# What is the difference between Burberry and Burberrys of London?



## mfdugan (Apr 21, 2006)

Are they part of the same company? Is Burberrys of London a diffusion line?


----------



## bigCat (Jun 10, 2005)

They are the same company, there was a brand name change for marketing reasons not so long ago.


----------



## medwards (Feb 6, 2005)

https://askandyaboutclothes.com/community/threads/burberry-vs-burberrys.50445/


----------



## a tailor (May 16, 2005)

*burberrys*

is it possable that burberrys of london is made in england? and then burberrys is made elsewear like hickey freeman? anyone?


----------



## jamgood (Feb 8, 2006)

a tailor said:


> is it possable that burberrys of london is made in england? and then burberrys is made elsewear like hickey freeman? anyone?
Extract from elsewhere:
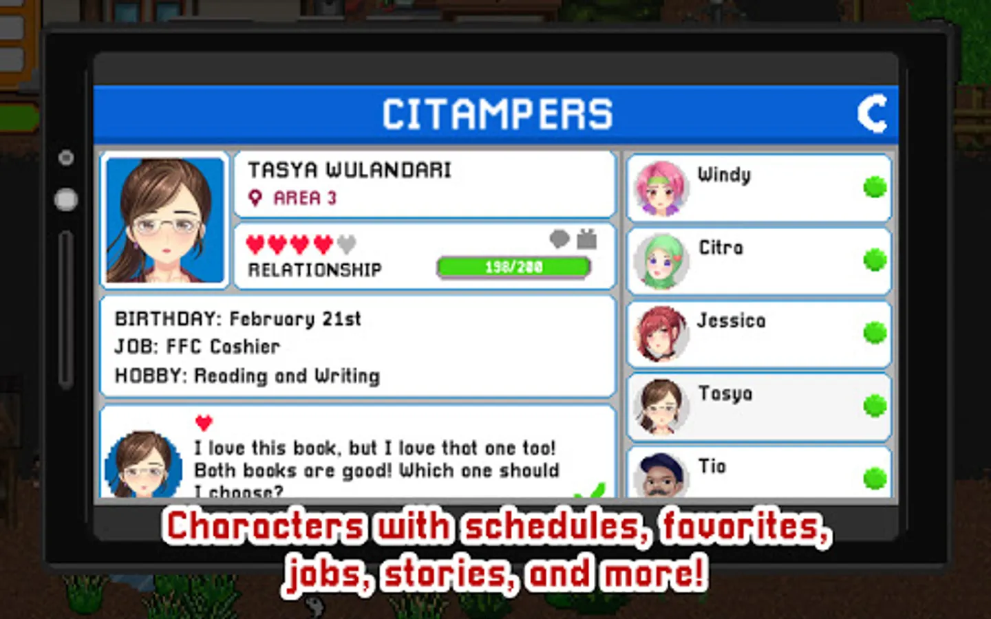 You decided to move to the town of Citampi to pay your parent’s debt and find your happiness. However, you also found so much more there! You also found a lot of beautiful girls in this pixel art – anime game. You'll feel like you're trapped in a dating sim (not that it's a bad thing though).

Hello Mr. P. I think tailored Burberry (USA) is licensed to Hickey Freeman, but I'm not sure of the wording on the US label. The inside chest pocket has what appears to be a white HF make tag. Can't recall if "London" is below Burberry on the label. I think Gitman makes the US shirts. Do you recall about 25 years ago when US Chester Barrie was made by Hickey Freeman under license, and had 5 sleeve buttons? H-F was also the licensee of the US Gieves & Hawks RTW experiment of about 10 years ago.


----------